I currently have the MCP server disabled in the "labs" section of the app, but its presence there is a constant source of anxiety and makes me think of migrating to Apple's passwords app every time I see it.
2 Replies
- glyphNew Contributor
I am a bit vague on step 8 there. How is the website "built/served" if no secrets are exposed to the LLM? The "security principles" document describes how bad it would be to grant an AWS API key to the agent, then turns around and says "If an AI agent accesses a credential to run a scheduled task, that access should be logged". Presumably if it "accesses" a credential, it gets access to the credential?
- 1P_Blake
Community Manager
Hey glyph​! It's great to see you again! 👋
The Labs toggle on its own doesn't expose anything to any AI. Turning it on doesn't connect 1Password to a model, doesn't give a model access to your vault, and doesn't surface your secrets anywhere. It just makes it possible for you to set up a connection if you choose to.
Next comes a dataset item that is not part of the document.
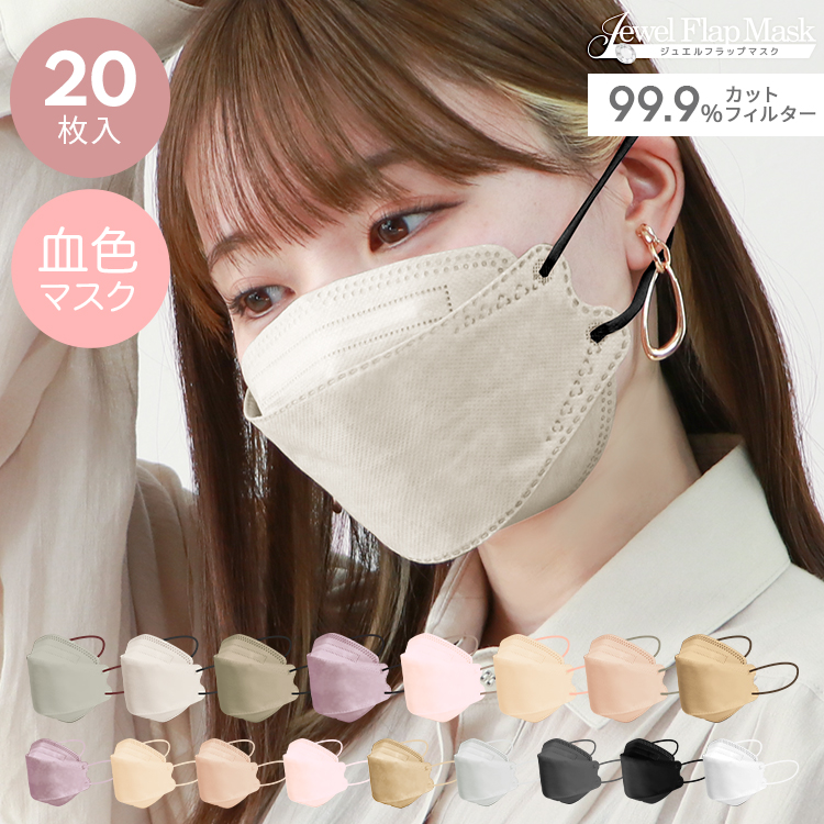 マスク 不織布 バイカラー 立体 カラーマスク くすみカラー 4層構造 平ゴム 小顔 小さめ ふつう 3サイズ 大人用 人気 ジュエルフラップマスク WEIMALL

Any actual access still requires you to wire up the connection on your end.
The way our MCP server is built is actually pretty close to what you described as the correct approach. Credentials stay in 1Password, the user reviews and approves every action, and the model never gets custody of the secret. 1Password injects the values directly into the authorized process at runtime, only for as long as that process needs them, so that way the secret never reaches the model, and the model provider's logs never see the secret.Take our Environments MCP Server for Codex as an example. The model can create environments and reference variable names, but secret values aren't returned through the MCP channel, aren't surfaced in the model's context window, and aren't written to disk, all while still requiring direct authorization from you throughout the entire process.
There's more on the thinking behind this in our broader AI security principles, especially the parts about keeping raw credentials out of LLM context and using deterministic authorization rather than letting the model decide: The security principles guiding 1Password’s approach to AI
If MCP isn't part of your workflow, leaving it off is a totally fine call, and that's exactly why the toggle exists. We don't have plans to remove the feature though, because for folks who are using agentic tools this is the path designed to keep secrets out of prompts, .env files, terminals, and repos, not the path that puts them there.